[Stored items]
>>>

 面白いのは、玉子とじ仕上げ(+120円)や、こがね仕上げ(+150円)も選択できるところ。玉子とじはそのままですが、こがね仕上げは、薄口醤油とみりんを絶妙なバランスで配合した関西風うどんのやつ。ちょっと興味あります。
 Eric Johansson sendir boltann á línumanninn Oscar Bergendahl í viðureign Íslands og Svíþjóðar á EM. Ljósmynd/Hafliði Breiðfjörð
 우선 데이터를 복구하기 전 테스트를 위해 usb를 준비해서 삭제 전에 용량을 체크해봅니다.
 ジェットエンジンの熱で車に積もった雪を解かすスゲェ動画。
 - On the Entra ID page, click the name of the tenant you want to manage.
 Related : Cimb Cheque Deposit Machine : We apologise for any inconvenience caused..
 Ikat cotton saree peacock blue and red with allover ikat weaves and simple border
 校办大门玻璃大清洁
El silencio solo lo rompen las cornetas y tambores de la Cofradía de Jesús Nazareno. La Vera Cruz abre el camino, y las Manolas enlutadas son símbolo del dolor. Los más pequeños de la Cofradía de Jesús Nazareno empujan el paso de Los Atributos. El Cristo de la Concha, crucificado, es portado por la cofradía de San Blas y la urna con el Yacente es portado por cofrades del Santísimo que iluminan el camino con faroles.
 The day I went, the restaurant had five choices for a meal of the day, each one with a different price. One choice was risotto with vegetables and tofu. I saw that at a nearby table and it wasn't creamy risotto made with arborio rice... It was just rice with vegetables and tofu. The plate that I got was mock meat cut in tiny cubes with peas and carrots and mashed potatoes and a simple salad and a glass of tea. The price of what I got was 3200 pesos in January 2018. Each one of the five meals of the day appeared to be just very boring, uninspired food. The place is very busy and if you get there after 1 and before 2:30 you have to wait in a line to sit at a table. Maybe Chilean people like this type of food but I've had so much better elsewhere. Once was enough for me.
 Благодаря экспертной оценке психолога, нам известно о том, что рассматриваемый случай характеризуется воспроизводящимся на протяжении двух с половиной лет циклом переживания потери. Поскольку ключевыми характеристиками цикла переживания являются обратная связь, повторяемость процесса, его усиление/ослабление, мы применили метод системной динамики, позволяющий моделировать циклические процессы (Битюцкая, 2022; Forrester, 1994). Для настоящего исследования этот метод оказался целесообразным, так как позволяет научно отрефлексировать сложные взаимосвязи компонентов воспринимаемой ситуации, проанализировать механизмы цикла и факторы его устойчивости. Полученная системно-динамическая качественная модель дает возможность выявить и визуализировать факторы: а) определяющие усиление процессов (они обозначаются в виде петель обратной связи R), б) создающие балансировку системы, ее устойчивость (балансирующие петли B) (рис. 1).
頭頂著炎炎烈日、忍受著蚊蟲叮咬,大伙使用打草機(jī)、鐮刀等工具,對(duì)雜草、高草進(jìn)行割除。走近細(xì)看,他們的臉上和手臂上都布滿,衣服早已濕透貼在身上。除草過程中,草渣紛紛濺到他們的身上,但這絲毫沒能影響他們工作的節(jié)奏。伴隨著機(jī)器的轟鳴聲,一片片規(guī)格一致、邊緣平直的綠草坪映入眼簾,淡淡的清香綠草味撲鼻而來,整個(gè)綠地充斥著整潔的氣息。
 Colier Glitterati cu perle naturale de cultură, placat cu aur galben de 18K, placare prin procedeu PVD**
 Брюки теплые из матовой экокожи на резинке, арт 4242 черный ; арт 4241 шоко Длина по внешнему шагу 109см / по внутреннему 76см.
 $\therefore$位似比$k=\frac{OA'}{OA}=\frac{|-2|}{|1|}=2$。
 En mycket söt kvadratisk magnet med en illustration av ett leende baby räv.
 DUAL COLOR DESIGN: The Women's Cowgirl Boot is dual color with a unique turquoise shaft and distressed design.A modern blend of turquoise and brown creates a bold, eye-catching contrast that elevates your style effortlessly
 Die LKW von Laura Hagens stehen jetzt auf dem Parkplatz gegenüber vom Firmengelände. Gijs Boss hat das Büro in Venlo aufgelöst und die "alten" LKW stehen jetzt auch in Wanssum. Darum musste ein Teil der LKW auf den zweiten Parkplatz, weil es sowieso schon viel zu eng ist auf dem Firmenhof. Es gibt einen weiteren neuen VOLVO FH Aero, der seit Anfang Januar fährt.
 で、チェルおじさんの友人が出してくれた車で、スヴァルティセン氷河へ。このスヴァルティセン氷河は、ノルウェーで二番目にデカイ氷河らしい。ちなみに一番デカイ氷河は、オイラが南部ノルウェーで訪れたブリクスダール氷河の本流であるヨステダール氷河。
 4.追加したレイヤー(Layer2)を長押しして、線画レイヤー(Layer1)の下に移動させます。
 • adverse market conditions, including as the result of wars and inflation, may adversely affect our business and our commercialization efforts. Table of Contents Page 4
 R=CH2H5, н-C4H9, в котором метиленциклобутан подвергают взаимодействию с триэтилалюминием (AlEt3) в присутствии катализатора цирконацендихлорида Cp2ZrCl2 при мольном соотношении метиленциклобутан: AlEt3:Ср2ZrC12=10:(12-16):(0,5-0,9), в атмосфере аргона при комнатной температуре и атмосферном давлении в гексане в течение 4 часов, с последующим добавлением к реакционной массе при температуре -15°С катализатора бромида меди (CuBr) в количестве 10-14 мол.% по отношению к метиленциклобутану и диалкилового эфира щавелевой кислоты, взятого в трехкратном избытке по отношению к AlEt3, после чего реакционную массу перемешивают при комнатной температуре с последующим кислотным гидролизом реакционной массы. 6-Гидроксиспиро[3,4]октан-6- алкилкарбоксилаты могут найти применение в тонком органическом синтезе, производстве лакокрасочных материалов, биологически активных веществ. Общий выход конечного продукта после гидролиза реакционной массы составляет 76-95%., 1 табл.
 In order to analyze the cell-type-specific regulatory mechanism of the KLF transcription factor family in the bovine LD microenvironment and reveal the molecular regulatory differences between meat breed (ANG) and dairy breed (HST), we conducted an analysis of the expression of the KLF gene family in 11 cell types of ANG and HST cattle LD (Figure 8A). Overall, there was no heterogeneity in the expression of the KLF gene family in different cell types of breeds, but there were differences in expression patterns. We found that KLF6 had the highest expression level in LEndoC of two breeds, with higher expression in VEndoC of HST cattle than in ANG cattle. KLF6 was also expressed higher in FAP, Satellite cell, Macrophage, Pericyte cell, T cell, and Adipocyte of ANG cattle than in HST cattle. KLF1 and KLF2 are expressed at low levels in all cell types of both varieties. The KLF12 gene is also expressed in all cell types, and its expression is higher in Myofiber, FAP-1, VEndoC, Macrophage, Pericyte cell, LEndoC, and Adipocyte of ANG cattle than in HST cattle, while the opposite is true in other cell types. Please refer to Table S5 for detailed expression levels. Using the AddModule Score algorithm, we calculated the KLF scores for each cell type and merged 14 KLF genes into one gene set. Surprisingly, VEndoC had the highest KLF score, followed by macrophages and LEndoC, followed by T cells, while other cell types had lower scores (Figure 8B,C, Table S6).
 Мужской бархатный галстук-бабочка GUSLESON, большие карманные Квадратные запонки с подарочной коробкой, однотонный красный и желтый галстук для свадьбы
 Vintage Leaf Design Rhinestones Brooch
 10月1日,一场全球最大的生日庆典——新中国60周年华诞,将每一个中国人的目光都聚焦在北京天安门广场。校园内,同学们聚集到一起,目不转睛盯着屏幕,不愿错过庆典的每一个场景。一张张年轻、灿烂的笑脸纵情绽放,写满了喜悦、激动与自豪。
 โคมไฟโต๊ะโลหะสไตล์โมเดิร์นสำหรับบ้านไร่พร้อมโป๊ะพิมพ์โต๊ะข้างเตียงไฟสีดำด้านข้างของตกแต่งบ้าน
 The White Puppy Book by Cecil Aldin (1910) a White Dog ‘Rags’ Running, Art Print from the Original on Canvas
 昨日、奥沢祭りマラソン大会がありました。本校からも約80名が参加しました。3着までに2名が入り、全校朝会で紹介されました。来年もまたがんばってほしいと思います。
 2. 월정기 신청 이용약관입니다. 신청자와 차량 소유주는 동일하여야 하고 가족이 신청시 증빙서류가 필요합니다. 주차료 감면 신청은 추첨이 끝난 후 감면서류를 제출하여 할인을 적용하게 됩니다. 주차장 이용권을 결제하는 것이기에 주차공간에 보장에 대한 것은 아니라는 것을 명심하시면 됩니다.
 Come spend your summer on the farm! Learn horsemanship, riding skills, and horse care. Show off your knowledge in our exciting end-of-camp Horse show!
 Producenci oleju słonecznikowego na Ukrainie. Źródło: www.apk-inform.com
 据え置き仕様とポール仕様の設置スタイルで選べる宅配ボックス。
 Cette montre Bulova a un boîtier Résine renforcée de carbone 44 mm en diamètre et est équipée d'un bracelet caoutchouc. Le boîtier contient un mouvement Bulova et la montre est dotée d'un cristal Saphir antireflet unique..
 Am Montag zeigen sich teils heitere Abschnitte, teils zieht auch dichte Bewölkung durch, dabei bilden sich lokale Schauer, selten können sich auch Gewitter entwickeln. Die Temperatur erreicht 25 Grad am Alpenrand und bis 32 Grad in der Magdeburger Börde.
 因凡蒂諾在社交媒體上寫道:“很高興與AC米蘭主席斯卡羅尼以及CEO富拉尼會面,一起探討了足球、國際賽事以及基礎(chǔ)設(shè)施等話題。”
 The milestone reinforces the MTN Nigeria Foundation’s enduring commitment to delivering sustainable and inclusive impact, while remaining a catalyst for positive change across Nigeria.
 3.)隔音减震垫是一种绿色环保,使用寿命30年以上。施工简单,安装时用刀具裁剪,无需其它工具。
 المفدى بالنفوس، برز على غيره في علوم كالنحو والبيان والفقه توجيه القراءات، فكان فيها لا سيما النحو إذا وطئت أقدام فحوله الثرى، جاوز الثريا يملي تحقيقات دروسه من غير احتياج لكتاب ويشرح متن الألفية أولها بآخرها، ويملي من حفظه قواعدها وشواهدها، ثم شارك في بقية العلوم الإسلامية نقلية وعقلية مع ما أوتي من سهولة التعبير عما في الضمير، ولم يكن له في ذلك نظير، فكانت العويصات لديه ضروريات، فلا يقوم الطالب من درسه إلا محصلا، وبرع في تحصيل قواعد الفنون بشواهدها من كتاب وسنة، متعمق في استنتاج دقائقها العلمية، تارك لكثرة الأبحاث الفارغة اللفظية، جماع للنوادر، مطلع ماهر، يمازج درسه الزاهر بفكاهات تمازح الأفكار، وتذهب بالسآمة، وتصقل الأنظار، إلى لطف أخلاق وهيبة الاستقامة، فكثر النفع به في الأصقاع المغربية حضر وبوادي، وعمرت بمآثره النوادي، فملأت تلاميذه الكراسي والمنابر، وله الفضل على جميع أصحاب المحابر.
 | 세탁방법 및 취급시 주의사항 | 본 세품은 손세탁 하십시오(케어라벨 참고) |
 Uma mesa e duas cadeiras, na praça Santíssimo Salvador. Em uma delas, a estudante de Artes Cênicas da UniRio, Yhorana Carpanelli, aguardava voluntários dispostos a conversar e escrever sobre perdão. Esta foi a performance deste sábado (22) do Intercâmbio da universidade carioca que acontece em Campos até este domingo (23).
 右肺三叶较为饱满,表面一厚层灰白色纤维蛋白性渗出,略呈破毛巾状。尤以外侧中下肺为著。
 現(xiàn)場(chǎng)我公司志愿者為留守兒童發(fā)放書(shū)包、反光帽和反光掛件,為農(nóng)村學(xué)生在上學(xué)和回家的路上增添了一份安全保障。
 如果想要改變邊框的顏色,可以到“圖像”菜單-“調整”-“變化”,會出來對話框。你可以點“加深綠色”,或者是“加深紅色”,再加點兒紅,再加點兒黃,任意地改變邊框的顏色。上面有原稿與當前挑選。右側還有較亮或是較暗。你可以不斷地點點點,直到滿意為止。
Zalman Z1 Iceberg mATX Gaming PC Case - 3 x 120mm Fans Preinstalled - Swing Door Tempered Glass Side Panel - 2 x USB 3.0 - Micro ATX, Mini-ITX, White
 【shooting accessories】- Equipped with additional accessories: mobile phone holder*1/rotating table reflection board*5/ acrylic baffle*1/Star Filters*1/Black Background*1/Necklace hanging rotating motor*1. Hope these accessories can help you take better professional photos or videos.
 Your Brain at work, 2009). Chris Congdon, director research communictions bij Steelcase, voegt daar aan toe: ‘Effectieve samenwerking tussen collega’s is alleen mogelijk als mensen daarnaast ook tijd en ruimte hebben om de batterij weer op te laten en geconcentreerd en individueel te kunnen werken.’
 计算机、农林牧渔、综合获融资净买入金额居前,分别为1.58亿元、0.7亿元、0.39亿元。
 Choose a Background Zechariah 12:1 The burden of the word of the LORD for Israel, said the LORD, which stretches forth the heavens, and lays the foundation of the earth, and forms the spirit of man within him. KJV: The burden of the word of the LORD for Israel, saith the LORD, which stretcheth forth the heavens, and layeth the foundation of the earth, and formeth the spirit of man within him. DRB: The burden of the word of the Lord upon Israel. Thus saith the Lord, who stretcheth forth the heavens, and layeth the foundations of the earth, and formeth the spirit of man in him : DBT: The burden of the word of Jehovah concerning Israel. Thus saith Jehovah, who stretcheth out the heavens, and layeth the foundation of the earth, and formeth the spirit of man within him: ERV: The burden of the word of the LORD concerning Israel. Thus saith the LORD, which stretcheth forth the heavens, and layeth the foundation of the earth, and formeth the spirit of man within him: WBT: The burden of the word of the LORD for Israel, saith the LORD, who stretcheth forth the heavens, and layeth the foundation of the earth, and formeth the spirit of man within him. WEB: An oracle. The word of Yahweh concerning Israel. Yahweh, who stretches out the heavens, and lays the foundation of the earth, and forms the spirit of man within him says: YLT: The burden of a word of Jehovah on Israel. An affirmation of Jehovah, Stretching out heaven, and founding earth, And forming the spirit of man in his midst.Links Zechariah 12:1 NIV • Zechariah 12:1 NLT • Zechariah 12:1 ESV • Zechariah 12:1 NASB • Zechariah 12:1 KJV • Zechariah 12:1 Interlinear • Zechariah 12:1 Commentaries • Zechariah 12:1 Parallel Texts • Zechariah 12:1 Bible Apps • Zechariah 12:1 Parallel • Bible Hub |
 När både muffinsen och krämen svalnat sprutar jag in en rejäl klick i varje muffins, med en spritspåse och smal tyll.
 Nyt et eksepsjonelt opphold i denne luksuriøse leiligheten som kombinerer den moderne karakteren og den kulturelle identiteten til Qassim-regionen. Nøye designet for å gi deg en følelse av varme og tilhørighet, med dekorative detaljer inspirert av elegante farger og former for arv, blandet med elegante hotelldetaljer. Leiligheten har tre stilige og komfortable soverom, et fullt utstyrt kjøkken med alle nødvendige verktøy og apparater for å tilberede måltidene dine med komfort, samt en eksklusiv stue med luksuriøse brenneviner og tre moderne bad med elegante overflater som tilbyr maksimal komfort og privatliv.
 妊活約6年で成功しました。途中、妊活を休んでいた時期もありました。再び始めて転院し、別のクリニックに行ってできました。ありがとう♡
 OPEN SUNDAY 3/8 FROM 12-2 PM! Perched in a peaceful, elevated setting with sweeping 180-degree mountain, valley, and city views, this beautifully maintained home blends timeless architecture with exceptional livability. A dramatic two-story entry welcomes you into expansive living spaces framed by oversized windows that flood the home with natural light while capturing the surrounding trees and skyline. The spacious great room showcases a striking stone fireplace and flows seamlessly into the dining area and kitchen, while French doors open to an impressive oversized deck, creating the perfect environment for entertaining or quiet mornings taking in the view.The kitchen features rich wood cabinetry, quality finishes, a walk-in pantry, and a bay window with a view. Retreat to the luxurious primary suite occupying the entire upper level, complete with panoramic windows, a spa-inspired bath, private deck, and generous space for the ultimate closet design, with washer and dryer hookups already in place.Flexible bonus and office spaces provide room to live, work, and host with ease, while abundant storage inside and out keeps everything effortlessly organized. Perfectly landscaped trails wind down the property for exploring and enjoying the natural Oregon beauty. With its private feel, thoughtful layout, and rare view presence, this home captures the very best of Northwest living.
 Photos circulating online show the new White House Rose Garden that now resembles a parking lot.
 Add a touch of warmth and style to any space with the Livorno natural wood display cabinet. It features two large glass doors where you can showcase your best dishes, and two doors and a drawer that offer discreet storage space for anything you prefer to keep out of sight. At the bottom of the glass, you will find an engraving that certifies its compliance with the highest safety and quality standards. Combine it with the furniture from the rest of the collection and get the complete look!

<<<

TO DO: Starting with the first line of the entries and ending with the line that has "El silencio solo", copy each line exactly and add nothing.

TASK ANSWER:
 面白いのは、玉子とじ仕上げ(+120円)や、こがね仕上げ(+150円)も選択できるところ。玉子とじはそのままですが、こがね仕上げは、薄口醤油とみりんを絶妙なバランスで配合した関西風うどんのやつ。ちょっと興味あります。
 Eric Johansson sendir boltann á línumanninn Oscar Bergendahl í viðureign Íslands og Svíþjóðar á EM. Ljósmynd/Hafliði Breiðfjörð
 우선 데이터를 복구하기 전 테스트를 위해 usb를 준비해서 삭제 전에 용량을 체크해봅니다.
 ジェットエンジンの熱で車に積もった雪を解かすスゲェ動画。
 - On the Entra ID page, click the name of the tenant you want to manage.
 Related : Cimb Cheque Deposit Machine : We apologise for any inconvenience caused..
 Ikat cotton saree peacock blue and red with allover ikat weaves and simple border
 校办大门玻璃大清洁
El silencio solo lo rompen las cornetas y tambores de la Cofradía de Jesús Nazareno. La Vera Cruz abre el camino, y las Manolas enlutadas son símbolo del dolor. Los más pequeños de la Cofradía de Jesús Nazareno empujan el paso de Los Atributos. El Cristo de la Concha, crucificado, es portado por la cofradía de San Blas y la urna con el Yacente es portado por cofrades del Santísimo que iluminan el camino con faroles.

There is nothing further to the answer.